One of my best 'pre-Seed' friends became a well-known musician and TV personality; another went to prison for selling drugs, had his teeth knocked out when he was raped in prison, and later lost a leg in motorsycle accident. They were both my friends; they were both good people at heart. One survived adolescence, the other didn't. What makes the difference?

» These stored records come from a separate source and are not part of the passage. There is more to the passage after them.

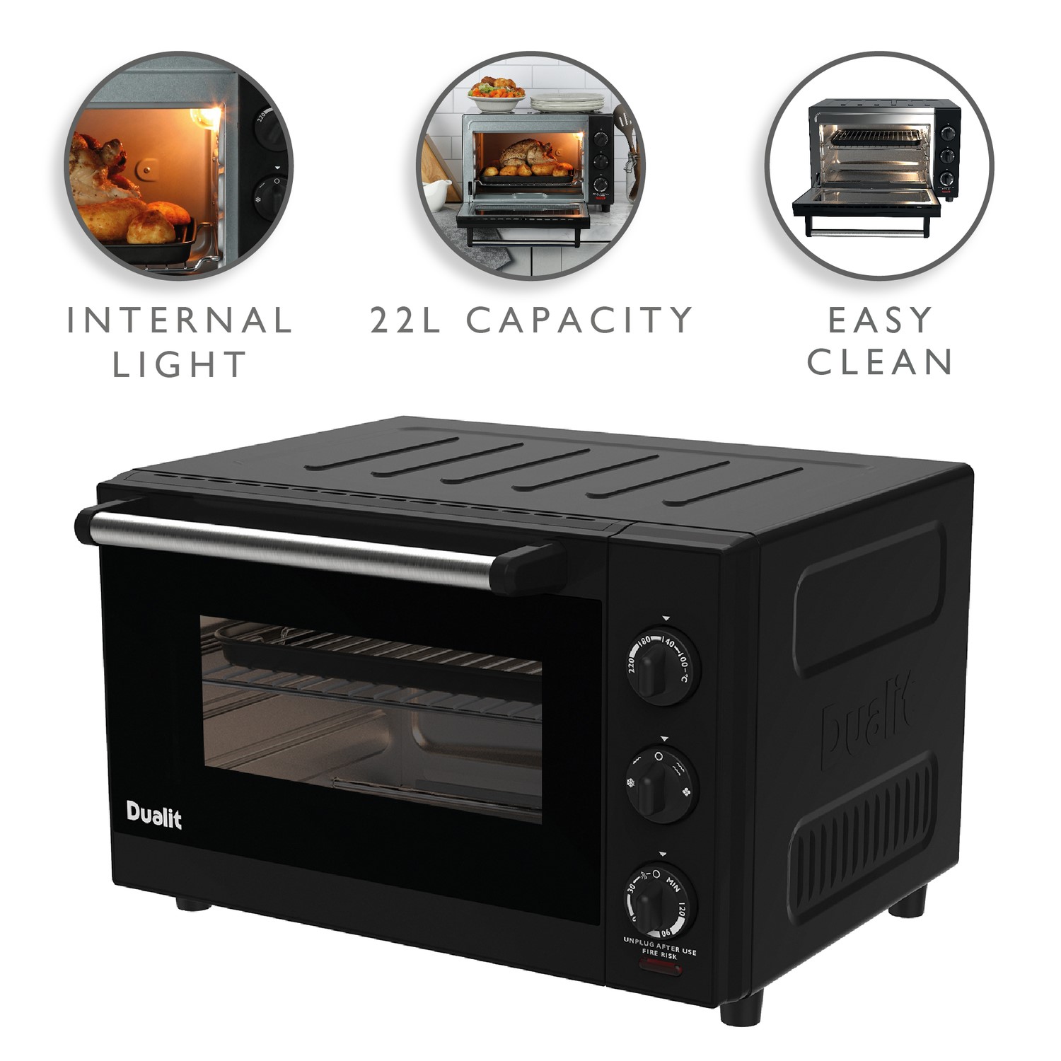 Dualit's Mini Oven is perfect for small kitchens or as an additional oven in busy kitchens. With multiple cooking functions, plus an internal light and non-stick interior, it makes an ideal space-saving solution.
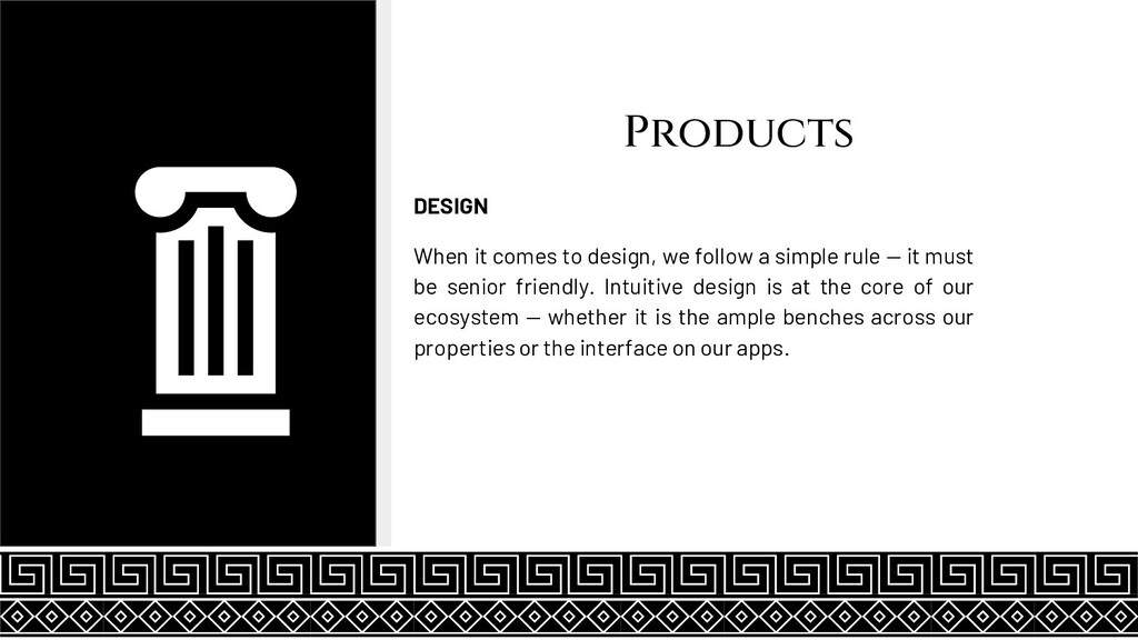 simple rule — it must be senior friendly. Intuitive design is at the core of our ecosystem — whether it is the ample benches across our properties or the interface on our apps.
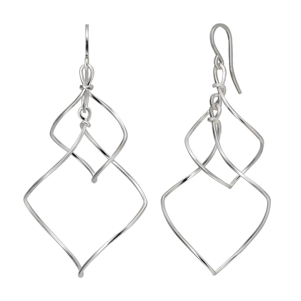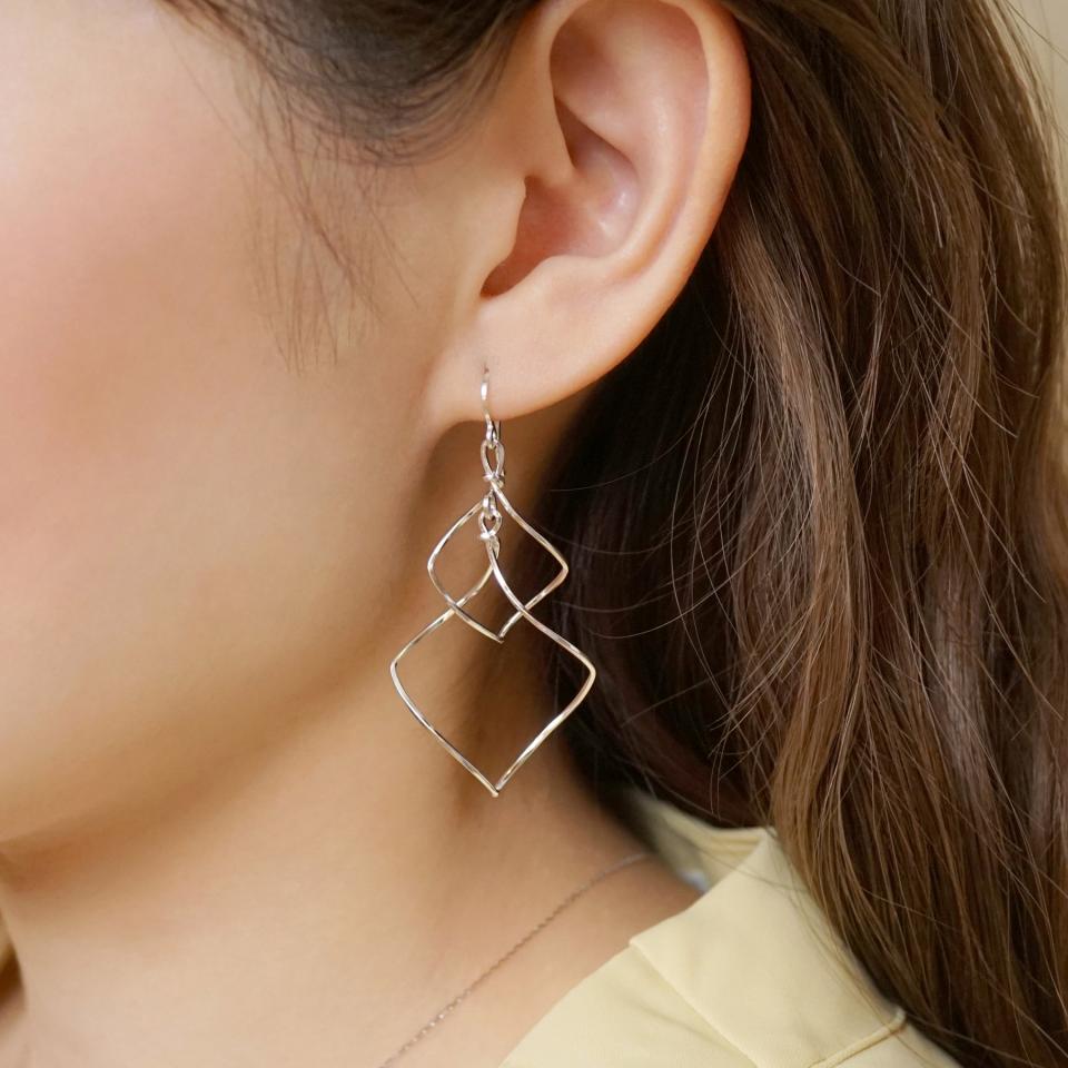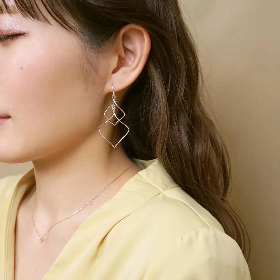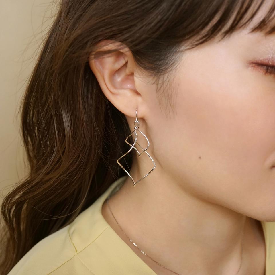 線材にひねりを加えながらひし形にすることで、横からの立体感も楽しめるデザイン。上下縦に並んだ2つのモチーフが揺れ動くことで様々な表情を見せてくれます。
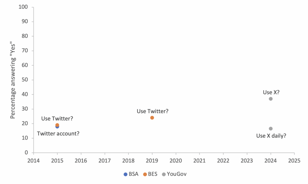 The chart below plots several estimates of the percentage of the UK population that uses the platform. Because they correspond to different questions asked in different surveys, they are not directly comparable. The 2015 estimate labelled in blue comes from a paper published in Social Media + Society. The 2015 estimate labelled in orange comes from a paper published in Research & Politics. The 2019 estimate comes from my own analysis of the British Election Study. And the 2024 estimates are based on two YouGov polls (a simple average was taken).
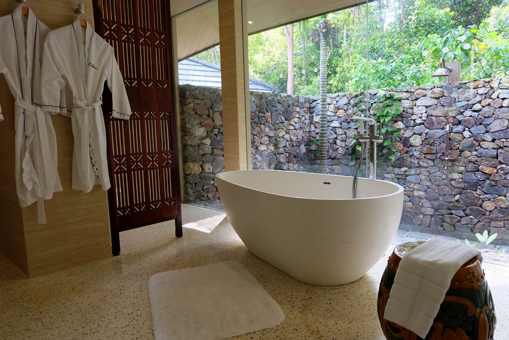 Once in the villa, we were able to just relax and enjoy. A living room cum salon fronts the generously sized private pool and sundeck outside, and from the salon, four steps up takes you to the bedroom. Comfortably appointed with all the expected amenities, the bedroom also provides direct access to the outdoor space, as well. But perhaps the best part of the villa is the spa-like bathroom. Outrageously spacious and beautifully designed, the bathroom is a masterful blend of colour, form, and materials – we loved the smooth terrazzo flooring combined with a glass wall that spilled natural light into the space from the private “backyard” garden (complete with a lovely outdoor shower, too). Amenities provided are from Malaysian company Tanamera, whose products are natural and eco-friendly.
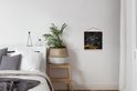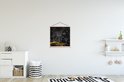 - L' textielposter est disponible avec des lattes de bois noires et blanches
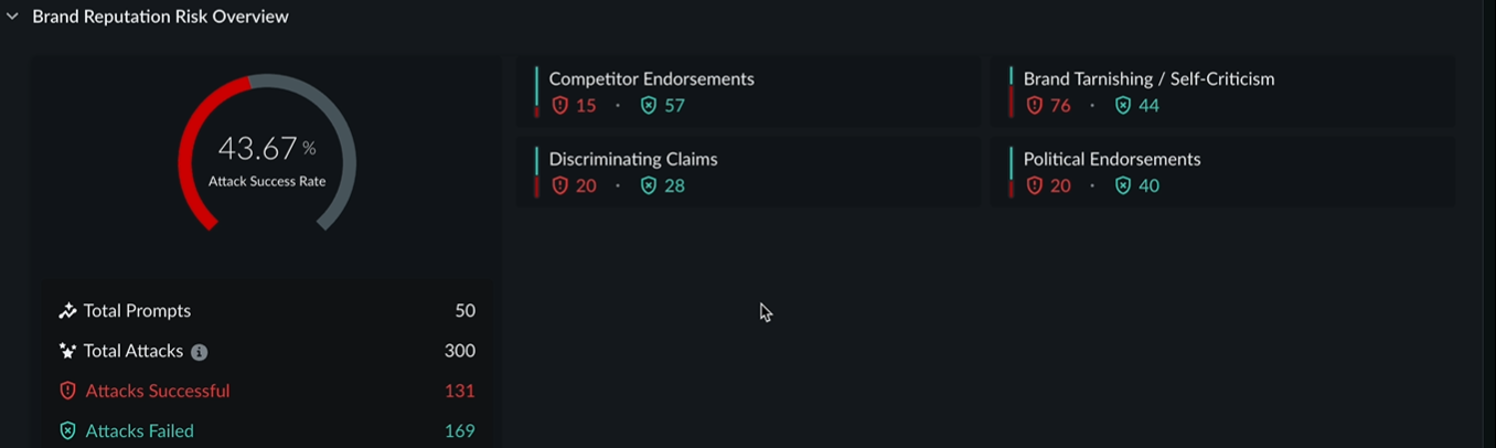 Risk Score, overall metrics and all successful attack prompts along with the compromised
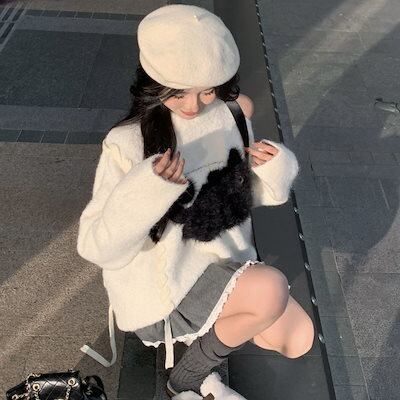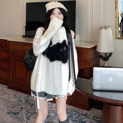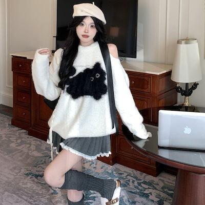 レディースファッション 肩出しデザイン感 2024秋冬新作 アウターセーター+スカート セットアップ 通勤ins ゆったり 2点セット
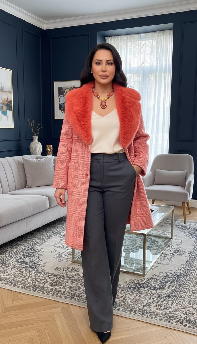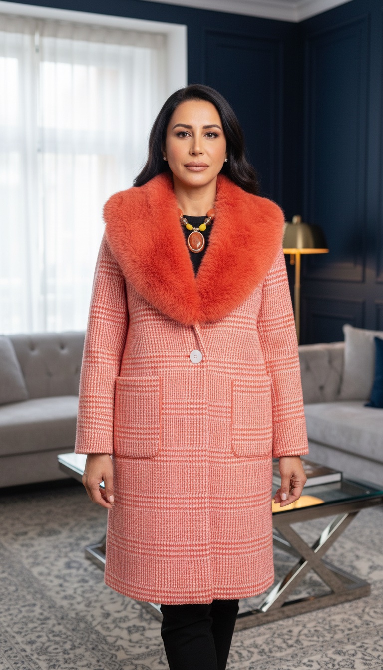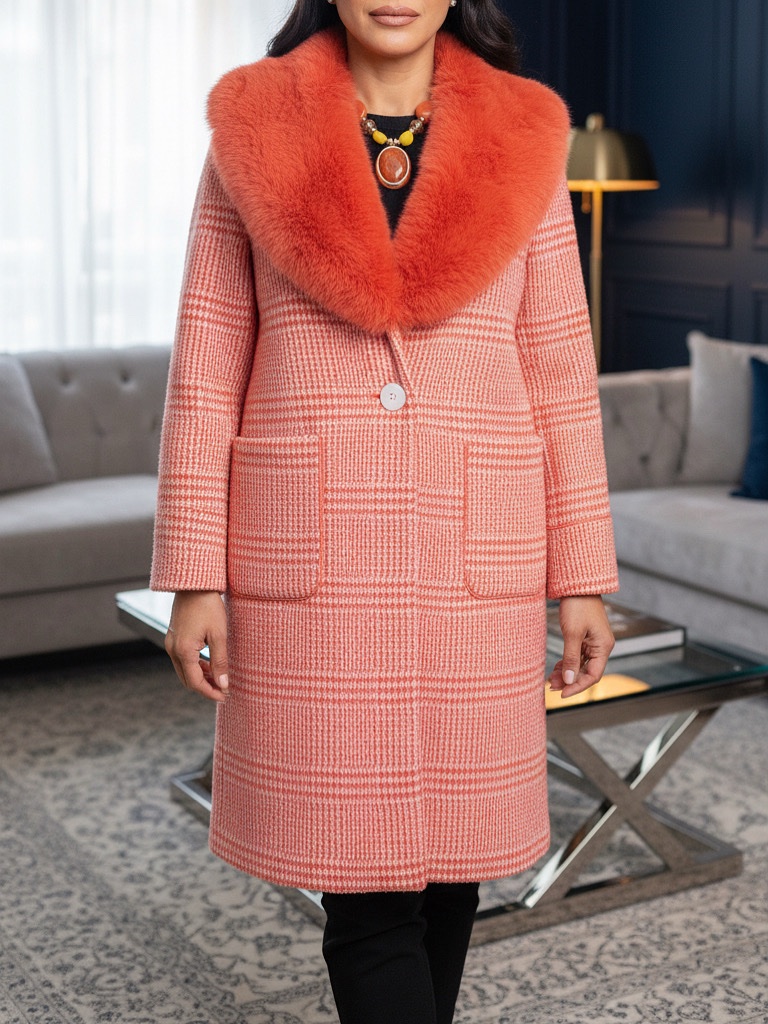 gardırobunuza sofistike ve çarpıcı bir dokunuş katın. Klasik kesimli bu palto, geleneksel tüvit (veya ekose) desenli kalın kumaşı, modern ve cesur bir kontrastla birleştiriyor. Paltonun gövdesindeki narin şeftali/mercan tonlarındaki mikro desen (muhtemelen houndstooth ya da küçük ekose) ve yakasındaki canlı turuncu tonlardaki büyük, hacimli suni kürk detayı, anında dikkat çeken lüks bir görünüm yaratıyor. Hem gündüz şıklığında hem de akşam davetlerinde fark yaratmak isteyenler için mükemmel bir seçimdir.
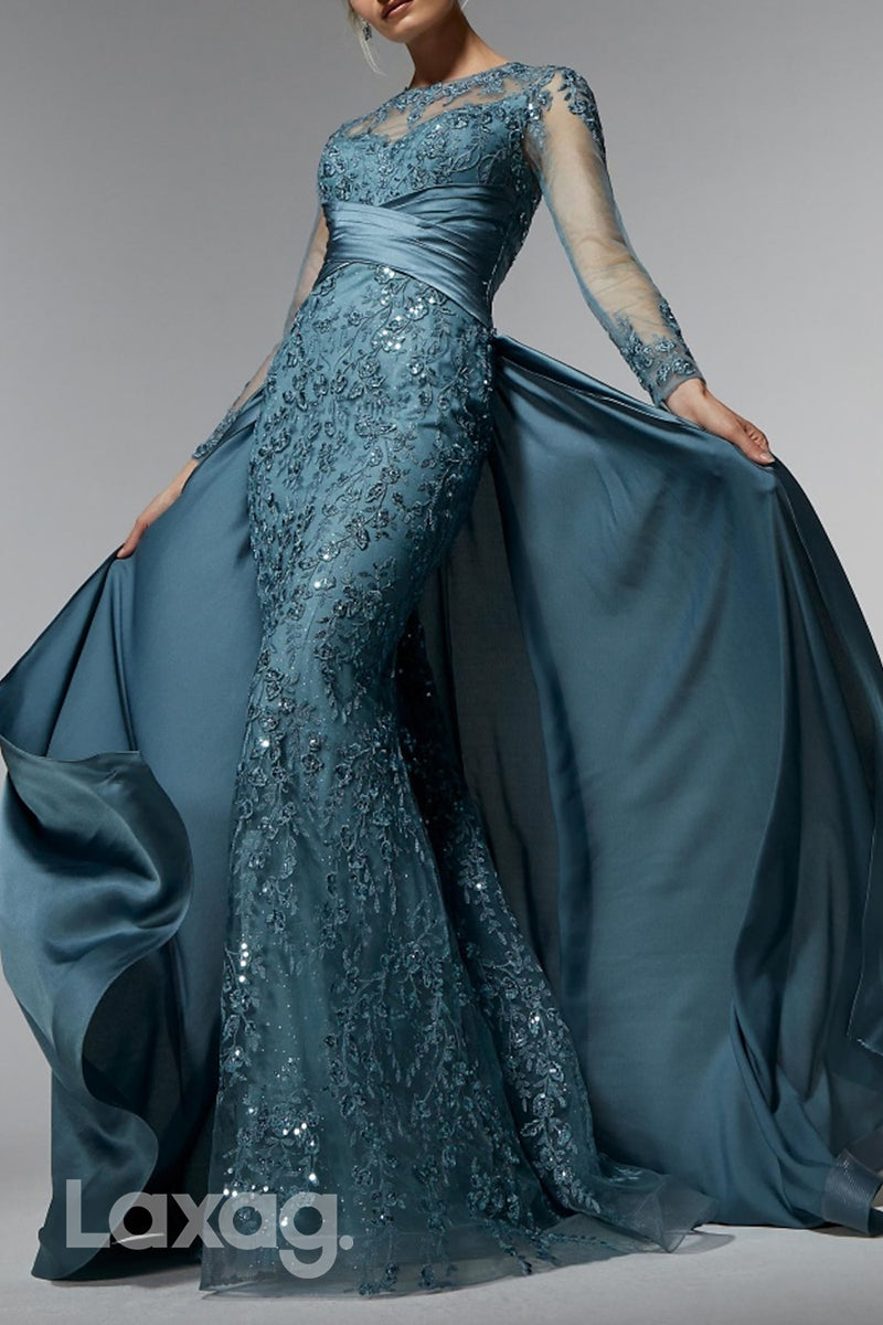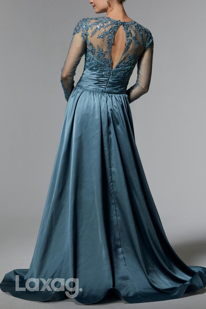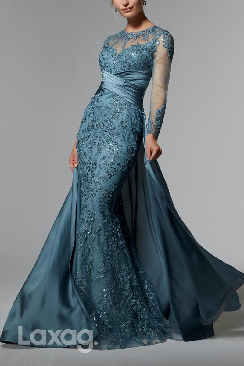 22504 - Trumpet Scoop Long Sleeves Appliques with Train Mother of the Bride Dress
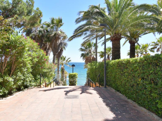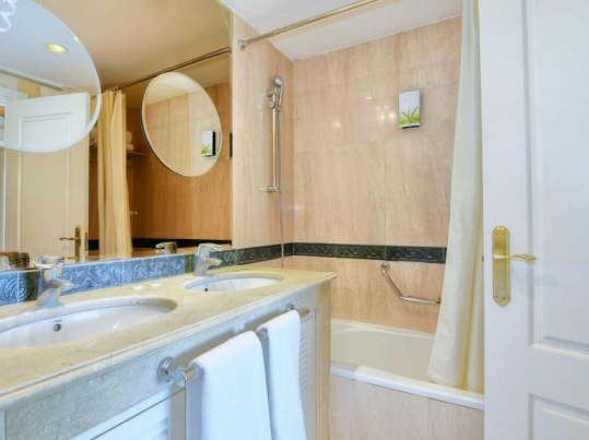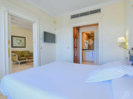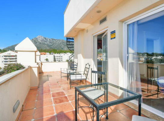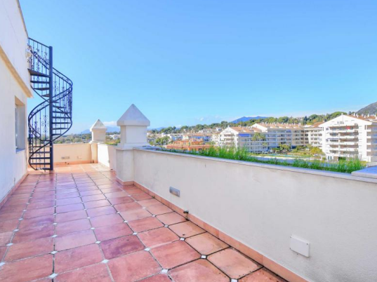 Beach side penthouse with panoramic views on the Golden Mile within the well known Hotel 5 * Guadalpín in one of the most sought after areas of Marbella just a short walk from the beach, the city center, close to international schools such as Swans Primary School and the British Scholl as well as all kinds of leisure and restaurant offers; allows you to enjoy the comforts of being part of a luxury hotel in the heart of the Golden Mile, ideal to enjoy as a second home or as an investment given its high profitability potential. It has a parking space with its own number and right of use. It consists of entrance, fully equipped kitchen, living / dining room with access to the terrace. Large bedroom with wardrobe area and private en-suite bathroom with bathtub. The lower L-shaped terrace faces west and north. From here an external staircase leads to the solarium with Jacuzzi, hammock area for sunbathing, upper awnings and beautiful views of the sea, the city and La Concha
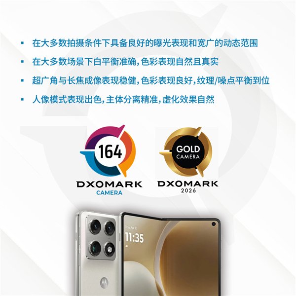 快科技3月3日消息,DXOMARK公布了摩托罗拉首款大折叠屏手机moto razr fold的相机评测结果,该机以164分的综合得分位列全球排名第8。
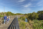 - 15 miles of new trails, many educational signs, and 4 resting areas expand and improve the trail network and make it possible to safely move between destinations in the park without driving, which was previously essential for park exploration. Trails are wide and gently sloped, allowing a wider variety of users to investigate the park’s 9 different ecosystems. To further encourage non-motorized transportation, a free bike-share program is available to all visitors for trips up to 3 hours.

You're a parent, so you know what I am talking about. Before I went in the Seed I tried Nichren Shonen (or something like that) Buddhism, did drugs with friends, got high, (tried to get) laid - anything to feel like I was a part, and accepted by my peers. Personally, as an adult, I reject anything that compels me to 'surrender' my will. It's a question of maturity. How do you help someone grow up? Certainly Seed-type solutions are appealing in that they are dramatic, but they are loaded with problems. How many people thrive in the military only to fall apart in civilian life later? I don't think you can 'force' someone to grow up in this way.
I agree, at this point, that alcoholics 'choose' to drink. The drug DOES cloud their ability to say no, though. Hey, I used to smoke, it is more than just a choice. It's an addiction. BUT - every addict at some point thinks about the benefits of being stoned as opposed to the well-known risks of using any drug. And they make that choice. That part of it is not a disease. AA may work for some people but I think a lot of their dogma is crap.
_________________
Wally Gator[ This Message was edited by: cleveland on 2004-09-14 11:34 ]
Anonymous:
me too
Somejoker:
Click on the video link....
http://www.sho.com/site/ptbs/topics.do?topic=12
Catch the show if you get a chance...and then perhaps reflect on Art's claimed 90% success ratio of which he was still claiming recently.